Researchers develop programmable circular nucleic acid assembly platform
From mRNA vaccines to siRNA drugs, from gene editing to protein replacement therapy, nucleic acid drugs, with their programmability and precise control capabilities, have become a new direction in the field of new drug development. However, due to rapid clearance, off-target accumulation, and low cellular uptake efficiency, delivering nucleic acid drugs systemically to tissues outside the liver still faces challenges.
Recently, the Hangzhou Institute of Medical Sciences, Chinese Academy of Sciences, reported a programmable assembly platform called the Circular Functional Molecular Torch (o-FLARE). This platform can assemble various functional nucleic acid modules onto a circular single-stranded DNA template, providing a novel solution for tumor-targeted delivery of nucleic acid drugs.
This platform, based on ligase-mediated DNA template polymerization technology, hybridizes nucleic acid aptamers, oncogene silencing oligonucleotides, CpG motifs, and drug conjugate codons onto a circular template, forming a stable closed-loop structure with a defined composition and valence state. This platform exhibits a "flare" structure, is uniform in size, and possesses extremely high stability, allowing it to persist persistently in serum and achieve precise targeting.
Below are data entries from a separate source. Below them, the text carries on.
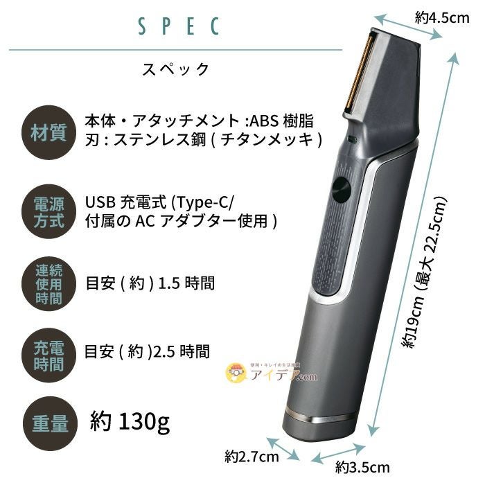 | ■材質 | 本体・アタッチメント:ABS樹脂 刃:ステンレス鋼(チタンメッキ) | ||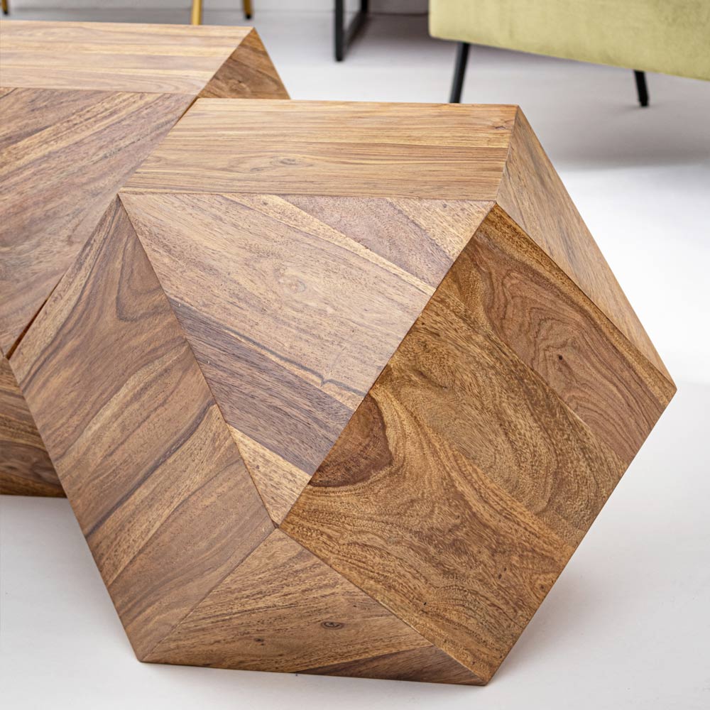 Tavolino per il salotto dal design poligonale in legno sheesham.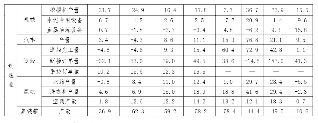 制造业表现呈分化态势。其中,机械行业工业增加值保持正增长,机电产品出口额继续增长,增幅收窄;汽车行业产量保持增长,新能源汽车产量和汽车出口量保持快速增长;船舶行业三大指标持续增长,继续保持较好发展态势;家电行业三大白电产品产量持续上升;集装箱产量降幅持续收窄。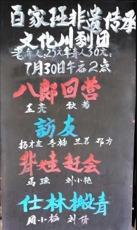 演出剧目:《八郎回营》《访友》《背娃赶会》《仕林搬青》
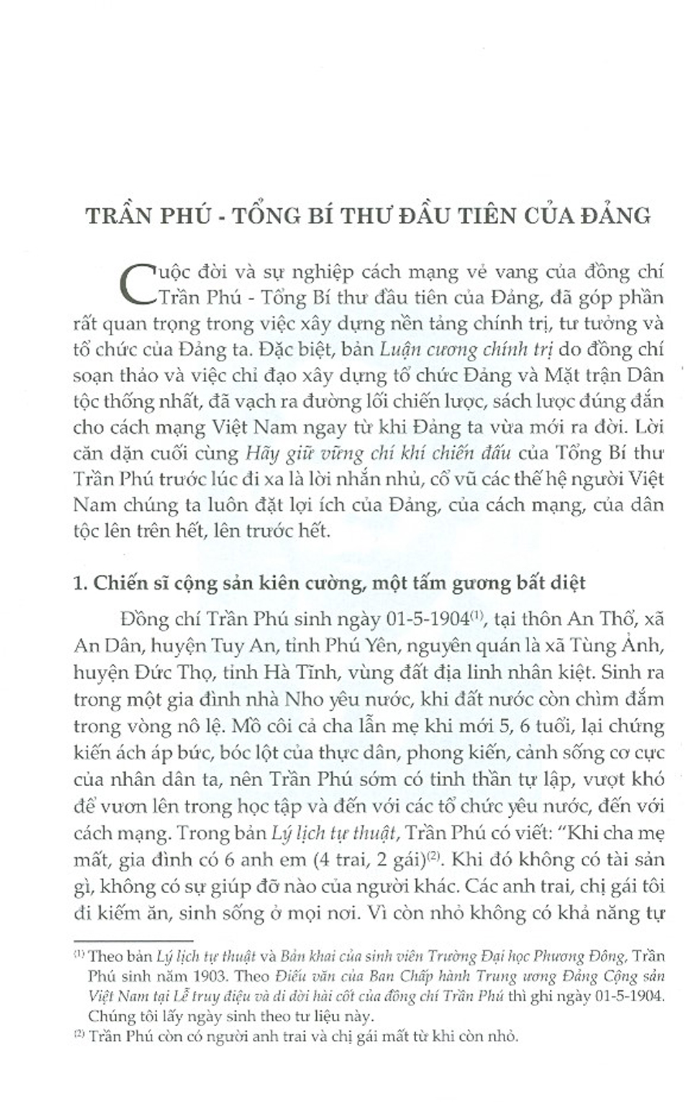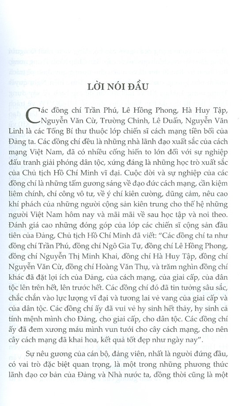 Trong giai đoạn hiện nay, để quán triệt, triển khai và tiếp tục đẩy mạnh việc đề cao trách nhiệm nêu gương của cán bộ, đảng viên, trước hết là người đứng đầu cấp ủy, chính quyền các cấp, chúng tôi biên soạn cuốn sách Các Tổng Bí thư thế hệ tiền bối của Đảng ta (1930 - 1990). Biên soạn cuốn sách, chúng tôi căn cứ vào Quyết định đợt đầu tiên của Bộ Chính trị số 50-QĐ/TW ngày 04/9/2002 về Chương trình viết tiểu sử và hồi ký các đồng chí lãnh đạo chủ chốt của Đảng và Nhà nước ta gồm mười đồng chí, trong đó có bảy đồng chí Tổng Bí thư của Đảng là các đồng chí Trần Phú, Lê Hồng Phong, Hà Huy Tập, Nguyễn Văn Cừ, Trường Chinh, Lê Duẩn, Nguyễn Văn Linh, ngoài ra còn có ba đồng chí là Tôn Đức Thắng, Phạm Văn Đồng và Phạm Hùng. Ở đây, chúng tôi tập trung nghiên cứu về cuộc đời, sự nghiệp và tấm gương của bảy đồng chí Tổng Bí thư từ năm 1930 đến năm 1990. Còn các Tổng Bí thư từ năm 1991 đến nay chúng tôi đang sưu tầm tài liệu để bổ sung cho lần xuất bản sau. Trong quá trình biên soạn, chúng tôi đã có sự kế thừa tham khảo các công trình viết về các đồng chí Tổng Bí thư của các tác giả khác.

The study loaded chemotherapy drugs with a STING agonist onto this platform. Upon entering the tumor, the chemotherapy drugs directly killed cancer cells and induced immunogenic cell death, while the STING agonist activated innate immunity. This indicates that combining immune checkpoint inhibitors can synergistically promote T-cell responses and provide long-term tumor suppression.
This study constructed a cyclic multivalent CpG adjuvant based on a CD16-targeting aptamer, selectively targeting dendritic cells and macrophages in lymph nodes and efficiently activating the TLR9 pathway. In a melanoma model, this adjuvant enhanced the infiltration and killing function of CD8 + T cells, reversing the "cold tumor" microenvironment into a "hot tumor."
Targeting the KRAS oncogene, a frequently mutated oncogene in pancreatic cancer, this study screened and obtained oncogene silencing oligonucleotide sequences. The aptamers and oncogene silencing oligonucleotides were then assembled onto o-FLARE, allowing for efficient uptake by tumor cells without any transfection reagents. This system can achieve efficient KRAS gene silencing and inhibit tumor growth.
This platform can be further assembled with diverse structural and functional components, forming a new paradigm for "plug-and-play" nucleic acid drug engineering, and is expected to provide a universal platform for nucleic acid drug development.